Una vela no lo es realmente en la bodega del pulpero. Lo es cuando va haciendo su tarea, cuando va cumpliendo su misión, su razón de ser, el para qué está en este mundo.
Para producir luz, la vela se consume. No puede conservarse y dar luz. Si se conserva, si no se da, si no se entrega, será vela apagada, esto es, no será lo que había de ser. Si adopta su posición en el combate contra la oscuridad, se irá gastando y un día dejará de ser, pero habrá sido. Es mejor dejar de ser a fuerza de haber sido, que seguir siendo lo que no vale la pena ser: bulto, materia, no sustancia de luz.
Un día ya no estaremos aquí. Entre tanto tenemos tiempo, energía, mociones internas, necesidades de otros que nos reclaman. Es la hora de servir, de dar, de entregarse. Unos piensan que tenemos una misión de lo Alto. Otros no lo creen así. Pero venga la misión de lo Alto o no, todos nos encontramos en unas circunstancias que nos ponen ante la opción de hacer o no hacer, dar el paso o quedarnos congelados, asumir el reto o inhibirnos cómodamente, obedecer nuestro sentido de lo bueno o no.
Estamos rodeados de personas que necesitan consejo, visión, cariño, consuelo, comprensión, enseñanza, ilusión, ideales. Podemos pasar de lejos. O podemos darles lo que nos parece que necesitan. Mil razones tenemos para pasar de lejos: dudar de la necesidad que percibimos, no estar capacitados, pensar que otra persona tiene más obligación o más talento para hacerlo.

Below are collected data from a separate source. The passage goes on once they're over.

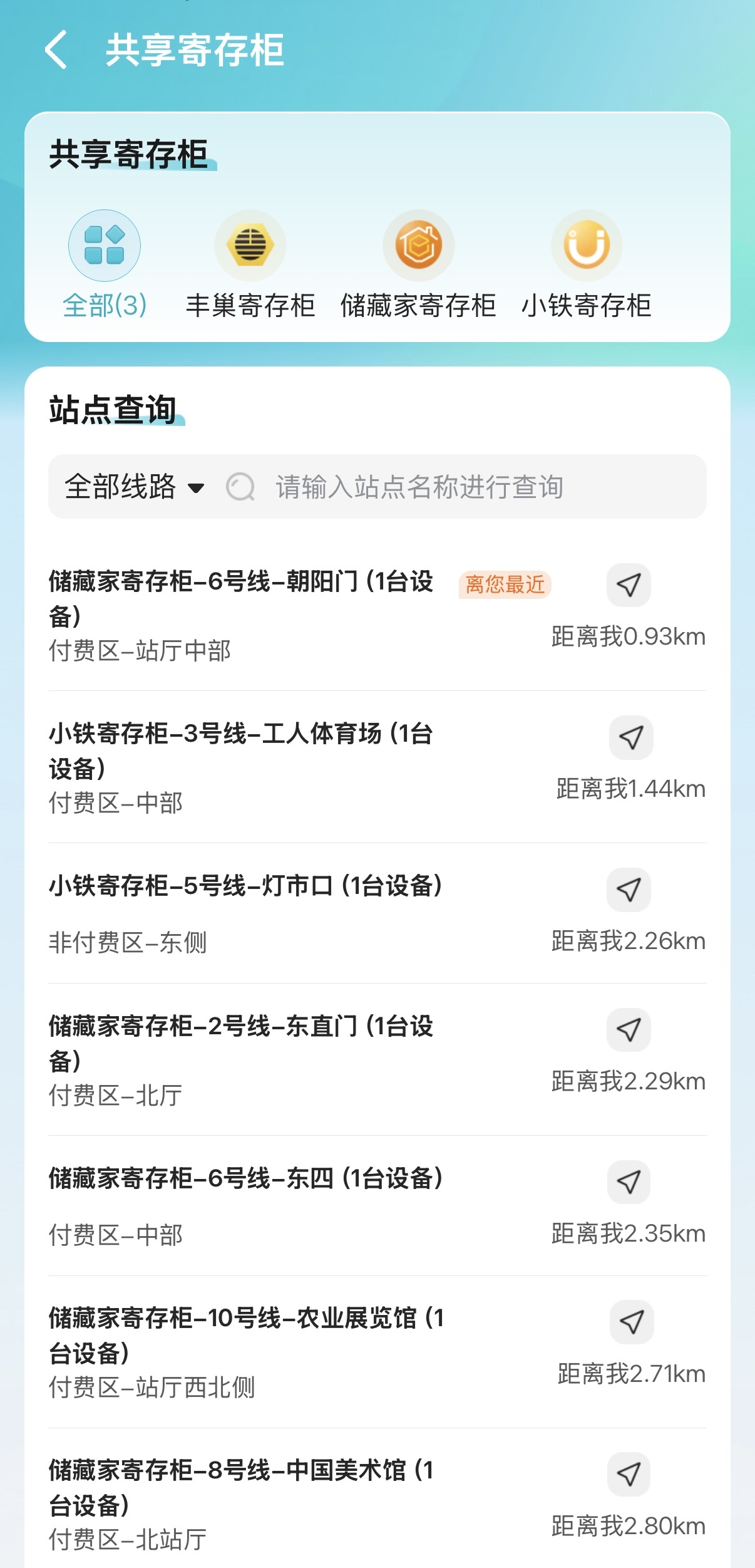 升级后的北京地铁App,在首页及乘车页显著位置增设“便民服务”功能与“地铁便民”模块。乘客可以轻松查询到全市各地铁站内便利店、智能售货柜、便民领水点、共享寄存柜、充电设施等各类便民设施的具置,按需查找服务更便捷。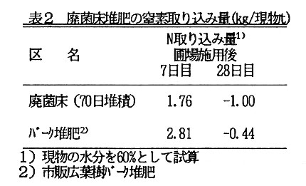 シメジ廃菌床は、主原料であるスギオガクズに米ぬかや脱脂大豆粉等を添加混合後、蒸煮殺菌し、キノコ培養を行った後の残さである。そのため、C/N比はスギオガクズ(487)に比べかなり低下(87)している。また、野菜に対する生育阻害は認められない(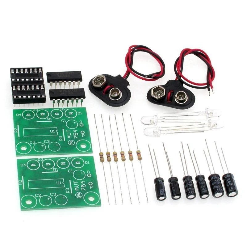 Wersja [B] zawiera dwa komplety płytek i elementów oraz cztery różnokolorowe diody LED. Pozwala to na zbudowanie dwóch migotek i obdzielenie nimi swoich znajomych i przyjaciół.
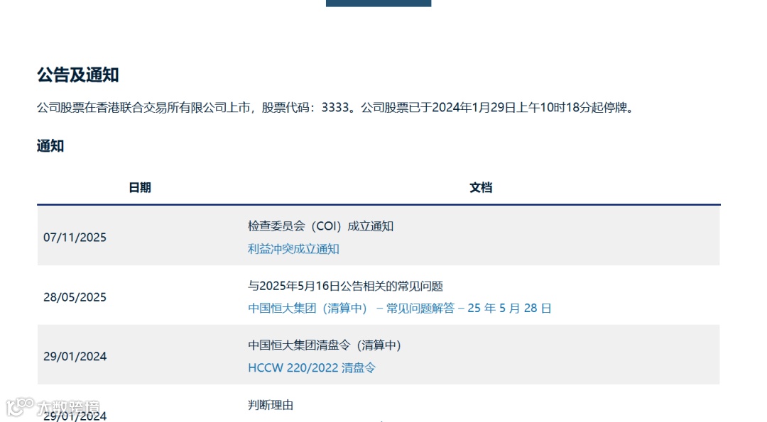 中国恒大作为在港股上市的离岸控股平台,目前仍处于清盘程序,股份自2024 年 1 月 29 日起停牌。
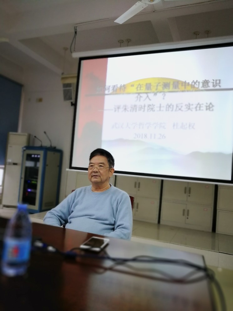 2018年11月26日上午,武汉大学哲学学院桂起权教授应yl9193永利集团和问题哲学研究中心邀请,作了一场题为“如何看待‘在量子测量中的意识介入’?——评朱清时院士的反实在论”的学术讲座。讲座由马雷教授主持,哲社学院部分师生聆听了讲座。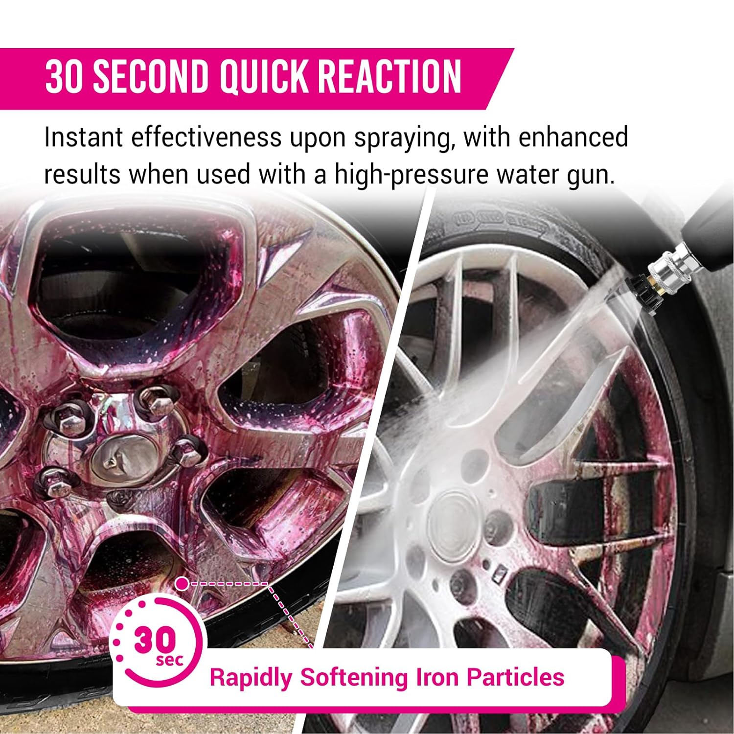 This is the first step before a proper soap wash, and it works wonders at removing all the built-up pollution, brake dust, and iron particles that you don’t even realize are stuck to your paint. I sprayed it on both the topside and underside, and within minutes, I could see the product doing its job—breaking down and dissolving all that hidden grime.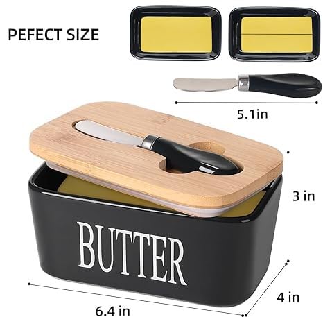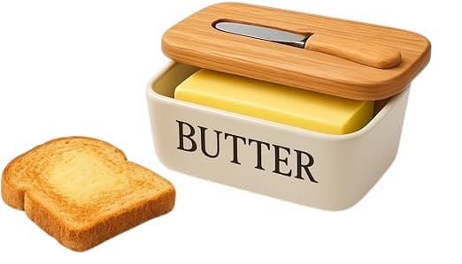 Generic - Ceramic Butter Container with Wooden Lid and Integrated Knife – A Touch of Elegance to Your Table.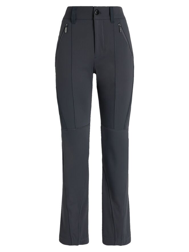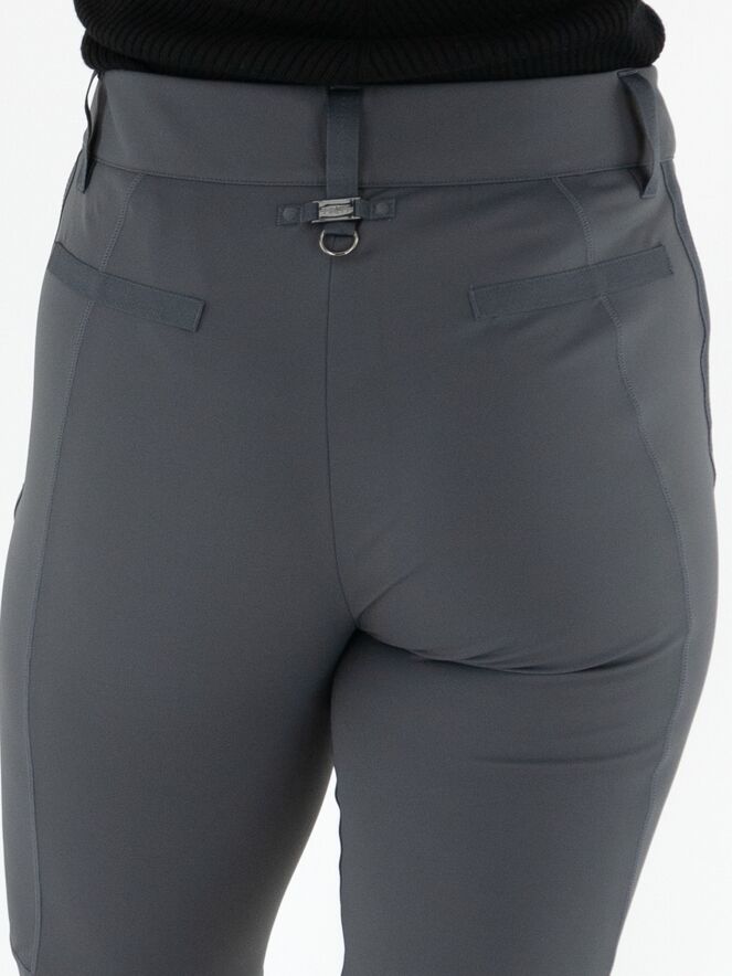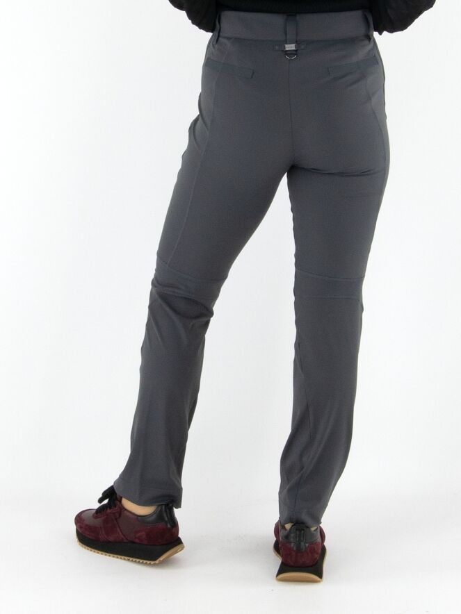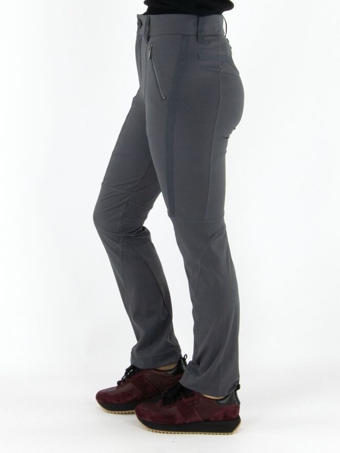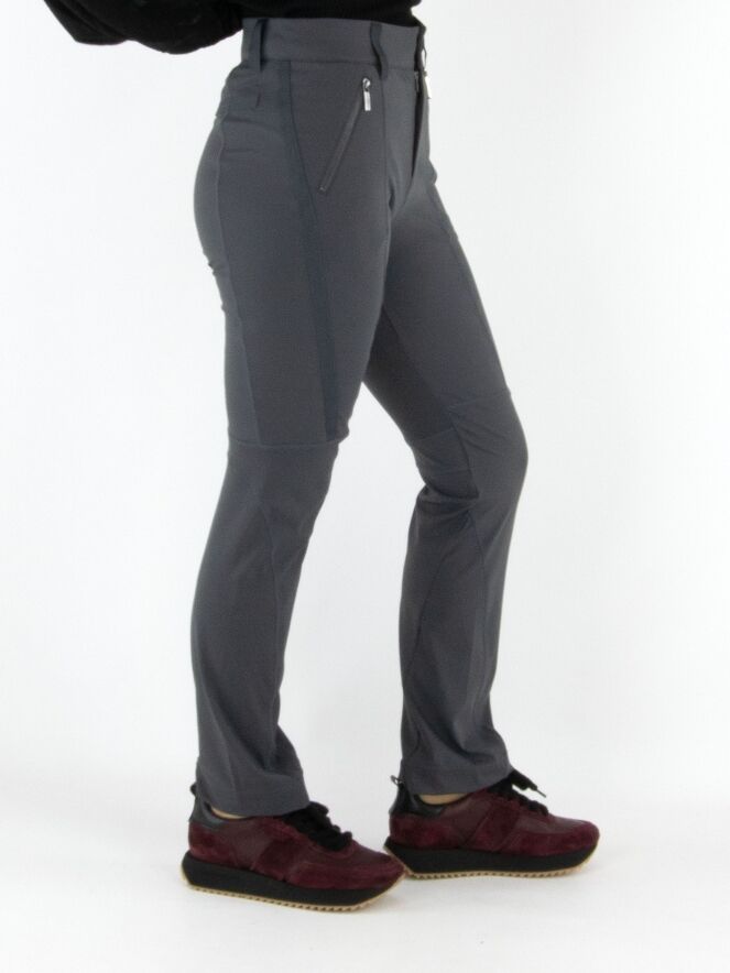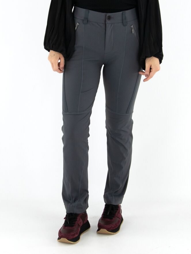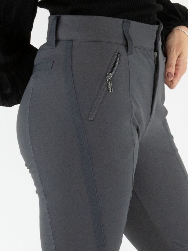 Eine Hose von High in Grau. Die Vordertaschen sind mit Reißverschlüssen versehen. Die Hose ist mit mehreren diagonalen, vertikalen und horizontalen Nähten und Paspeln gearbeitet. Diese Hose kann von Hand gewaschen werden.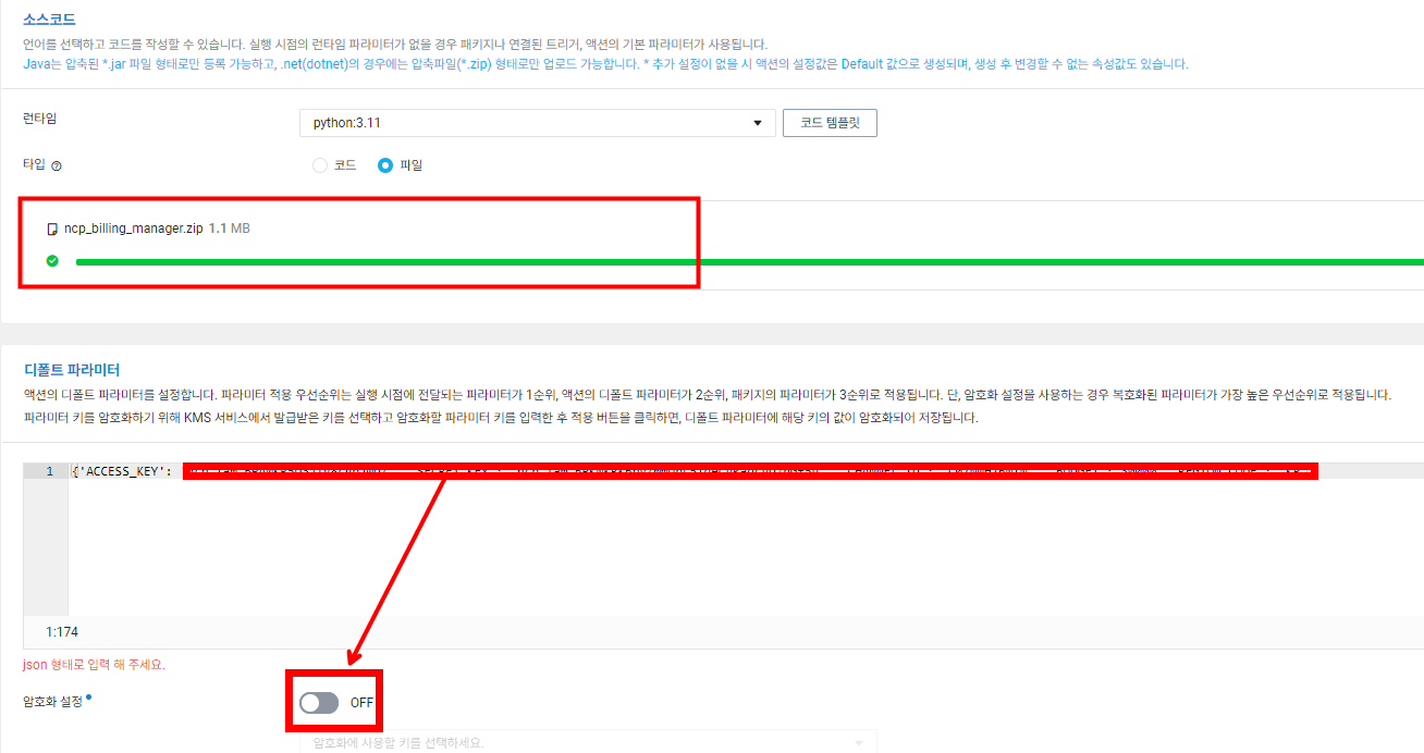 압축 파일을 올린 후 디폴트 파라미터를 설정합니다. 기본적으로 압축 파일 이름은 __main__.py 여야 Cloud Functions에서 인식합니다.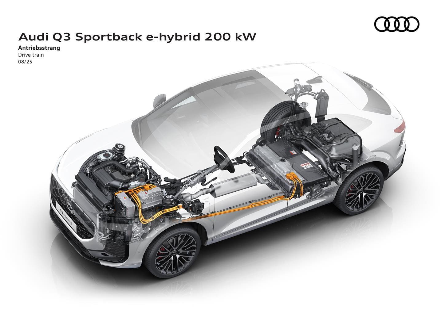 Il fiore all’occhiello è la variante plug-in e-hybrid di Audi Q3 Sportback, con una potenza complessiva di 272 cavalli. Accelera da 0 a 100 km/h in 6,8 secondi. L’autonomia elettrica raggiunge i 118 chilometri WLTP, un riferimento per la categoria.

La vela no sabe lo que va a iluminar cuando se enciende. Nosotros tampoco sabemos lo que nuestra palabra, nuestro gesto, nuestro afecto van a producir en la otra persona. Y como toda persona tiene un potencial desconocido, a lo mejor nuestra sonrisa, nuestro comentario, nuestra enseñanza iba a desatar eventos insospechados, de manera que nunca sabemos lo que está dejando de ocurrir cuando elegimos seguir el camino indiferentes. De una cierta forma, y respondiendo a la pregunta de Caín, somos guardianes de nuestros hermanos.